SALATIGA, Beritajateng.id – Dinas Perindustrian dan Tenaga Kerja (Disperinaker) Kota Salatiga mengungkap mekanisme penetapan Upah Minimum Kota (UMK) 2026 masih menunggu arahan resmi dari Pemerintah Provinsi Jawa Tengah (Pemprov Jateng).
Kepala Disperinaker Kota Salatiga, Agung Hindratmiko mengatakan biasanya surat edaran atau petunjuk teknis akan diterbitkan setelah data makro seperti inflasi dan pertumbuhan ekonomi daerah dirilis oleh Badan Pusat Statistik (BPS).
“Prosesnya masih menunggu tahap tersebut. Setelah itu, baru kami bisa melakukan pembahasan lebih lanjut bersama dewan pengupahan,” ujarnya, Senin, 20 Oktober 2025.
Terkait proyeksi kenaikan UMK 2026, Agung menjelaskan bahwa UMK Kota Salatiga tahun 2025 sebesar Rp 2.533.583. Untuk tahun depan, perhitungannya akan mengikuti formula sesuai PP Nomor 51 Tahun 2023 tentang Pengupahan.
“Kalau melihat tren inflasi dan pertumbuhan ekonomi provinsi yang stabil, kemungkinan ada kenaikan moderat, kisarannya sekitar 3–5 persen. Namun tentu ini masih perkiraan awal sebelum ada kebijakan pemerintah pusat seperti tahun kemarin yang diatur melalui Permenaker Nomor 16 Tahun 2024,” paparnya.

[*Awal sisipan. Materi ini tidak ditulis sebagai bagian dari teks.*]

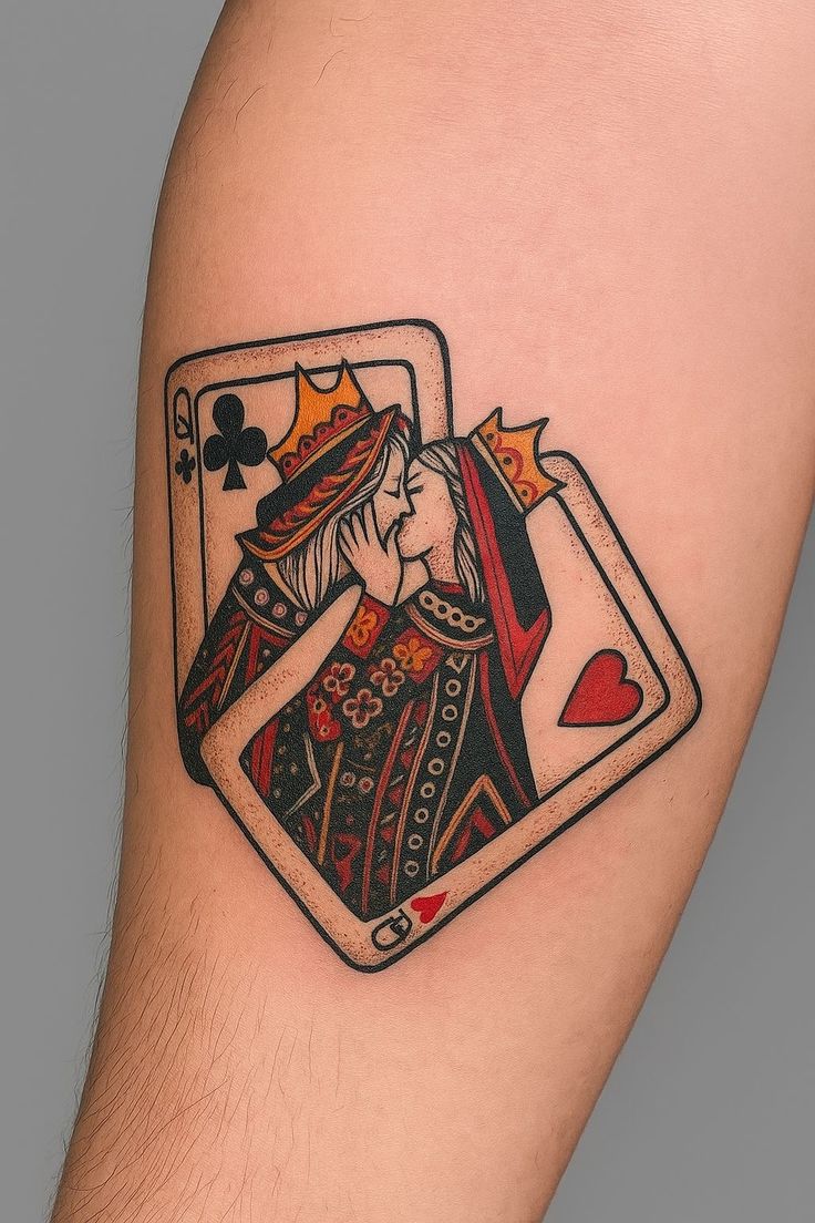 Playing cards have always been a classic tattoo motif, but this design adds a hilarious twist. Instead of a traditional royal portrait, the king and queen cards lean in for a sneaky kiss. It feels like a scandalous little story hiding in plain sight—one that turns a familiar symbol into a playful joke.

Agung menambahkan, faktor yang menjadi pertimbangan utama dalam penetapan UMK antara lain inflasi, pertumbuhan ekonomi, produktivitas tenaga kerja, serta kemampuan dunia usaha, khususnya bagi industri padat karya dan UMKM yang akan terdampak langsung oleh kenaikan upah.
Menurutnya kondisi ketenagakerjaan di Kota Salatiga saat ini dinilai relatif stabil. Bahkan tingkat pengangguran terbuka di Salatiga terus mengalami penurunan dalam dua tahun terakhir.
“Industri di Salatiga didominasi oleh skala kecil dan menengah, dengan beberapa industri besar di bidang makanan-minuman dan tekstil yang cukup berpengaruh terhadap struktur ketenagakerjaan daerah,” jelas
Selain itu, menurutnya sebagian besar pelaku industri di Salatiga sudah memahami pola tahunan penyesuaian UMK, meski industri kecil dan menengah tetap perlu melakukan adaptasi agar tetap kompetitif.
“Disperinaker terus melakukan pendampingan melalui pelatihan produktivitas dan kemitraan usaha agar pelaku industri bisa beradaptasi dengan perubahan biaya tenaga kerja,” terang Agung.
Lebih lanjut, Agung menegaskan bahwa pihaknya berkomitmen menjaga keseimbangan antara kepentingan pekerja dan pengusaha dengan mengedepankan dialog sosial melalui forum tripartit.
“Setiap pembahasan UMK selalu melibatkan unsur pekerja, pengusaha, dan pemerintah daerah agar keputusan yang diambil berimbang dan diterima semua pihak. Tujuannya jelas, pekerja sejahtera, usaha tetap tumbuh berkelanjutan,” tegasnya.
Sebagai langkah awal, Disperinaker akan menggelar Rapat Koordinasi Tripartit Dewan Pengupahan pada Rabu, 22 Oktober 2025, untuk menggali pokok pikiran dari masing-masing unsur sebelum pelaksanaan sidang pleno pengupahan.